Sep 9 00:20:24 my_server kernel[0]: disk2s2: 0x5 (UNDEFINED).

This has me thinking that either the ReadyNAS has an AFP bug, or that backing up large amounts of data to a volume that's actually a sparse image file on an AFP share is maybe not a good idea in general. It's one thing when the backing store is a local hard drive. The diskimages-helper, which I think "fronts" the volume for the image file, can rely on solid reliability.

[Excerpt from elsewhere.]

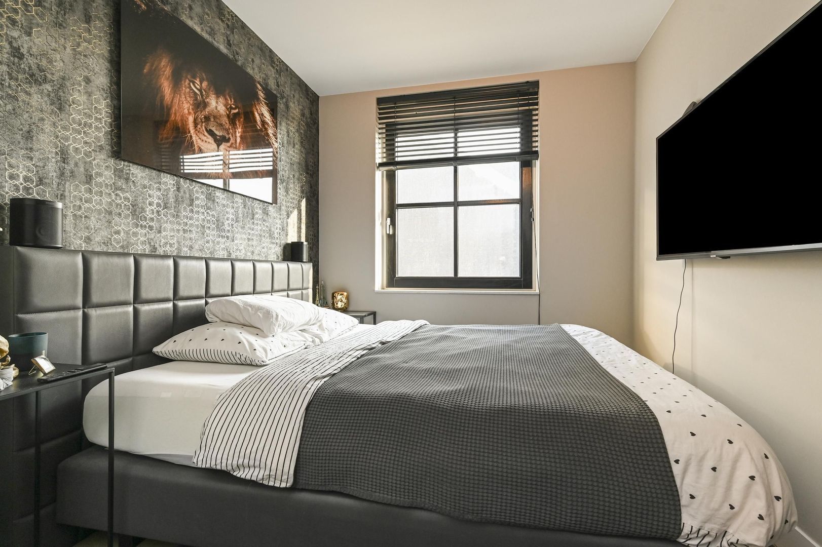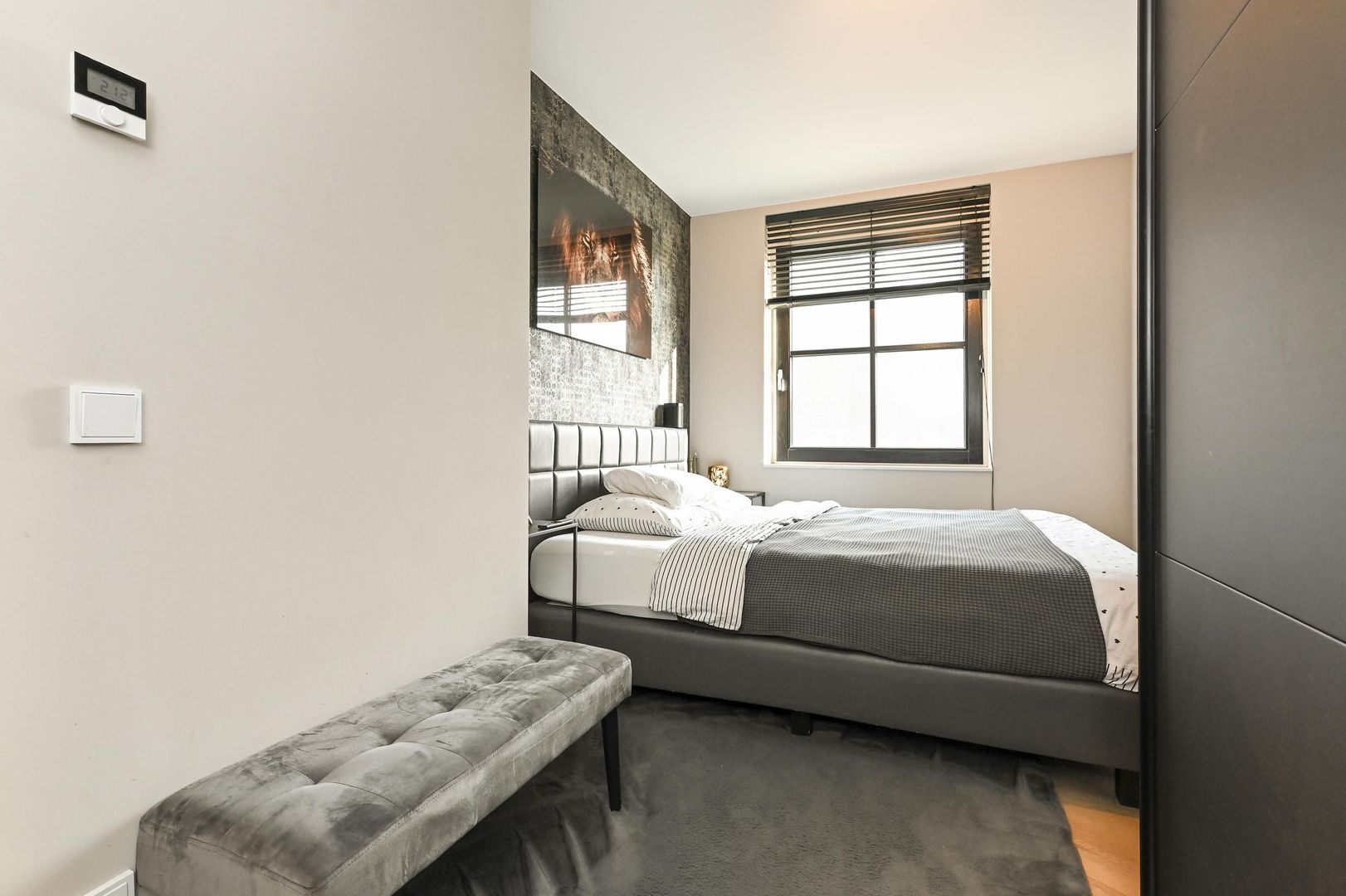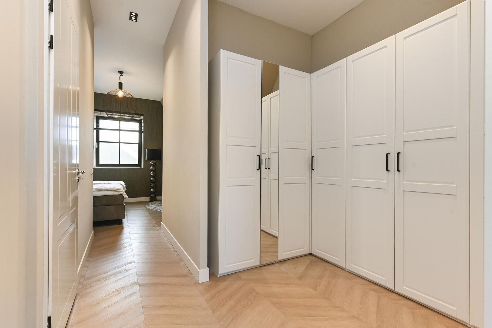 De sfeervolle hoofdslaapkamer heeft een royale inloopkast, ideaal voor extra comfort en bergruimte.
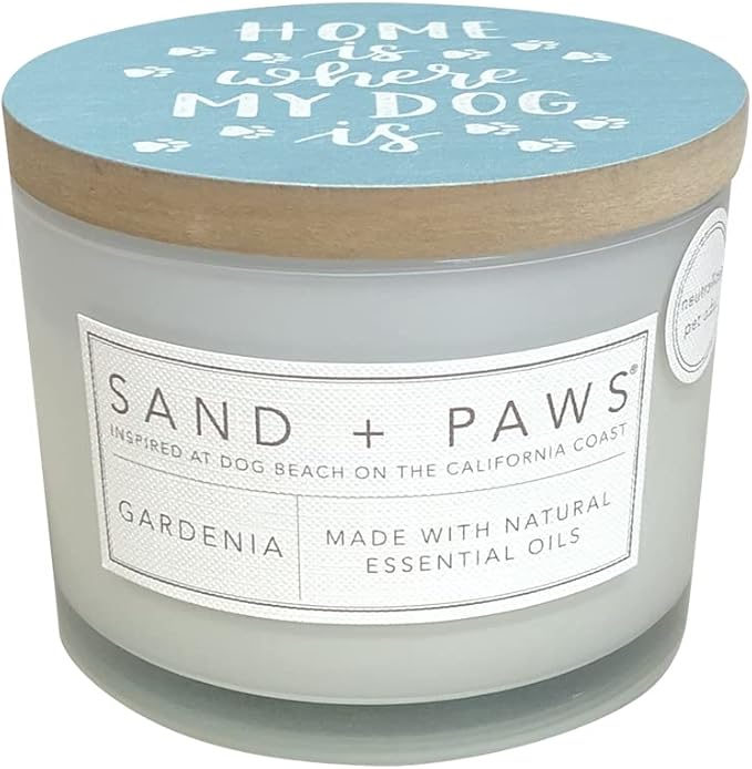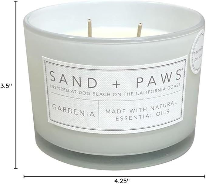 Sand + Paws Scented Candle - Gardenia - Additional Scents and Sizes –Luxurious Air Freshening Jar Candles Neutralize pet Odors and Enhance Home décor – 100% Cotton Lead-Free Wicks - 12 oz

But if the backing store is over the network, then there could be big problems if diskimages-helper can't reliably read or write the underlying file data. I can totally see low level file operations get blocked by an incomplete AFP transfer. Especially when we're transferring huge files (like image backups of other systems) to the sparse image volume.

I think I'm going to try backing up to just a simple share point on the ReadyNAS, rather than a mounted sparse image, to see if that makes a difference. Maybe this all comes down to a reliability problem with the ReadyNAS.

If this ends up being a ReadyNAS problem, then I apologize for the diversion.

Best regards,
--
Allen Cronce

dnanian
09-09-2008, 06:17 PM
We're not going to be able to back up directly to a network drive. But I'm using a ReadyNAS to store a pretty large image and haven't had any problems. Perhaps you should try using their SMB sharing for the image?

acronce
09-09-2008, 07:10 PM
We're not going to be able to back up directly to a network drive. But I'm using a ReadyNAS to store a pretty large image and haven't had any problems. Perhaps you should try using their SMB sharing for the image?

OK, I didn't realize that the disk image route was the only way for a network backup. I can try SMB.

BTW, what version of ReadyNAS firmware are you using? I posted on their forum and they pointed me at a new RAIDiator-4.01c1-p2 version that I'm going to try. I guess this is a prelease because it has to be downloaded from their site. It doesn't appear when you try to do a remote update.

Thanks in advance.

Best regards,
--
Allen Cronce

dnanian
09-09-2008, 08:03 PM
I have the currently released firmware (non-beta).

acronce
09-09-2008, 10:18 PM
I have the currently released firmware (non-beta).

Sorry to be a pest, but I have a couple more questions:

1. Are you using an SMB or AFP share for your sparse image backup?

2. What model ReadyNAS do you have?

The reason why I ask is that I was using the currently released firmware and AFP on a ReadyNAS 600. If that configuration works for you and not for me, then something else must be causing the problem.

Best regards,
--
Allen Cronce

dnanian
09-09-2008, 10:50 PM
I'm using AFP, on a ReadyNAS NV.

acronce
09-11-2008, 02:02 PM
I'm using AFP, on a ReadyNAS NV.
I did a manual firmware update to version v4.01c1-p2, which isn't available via their automatic remote update system. That seems to have solved the problem. I've backed up twice with no incident.

Sorry that this turned out to be a ReadyNAS issue.

Best regards,
--
Allen Cronce

dnanian
09-11-2008, 02:25 PM
Great news; thanks for the update, ALlen.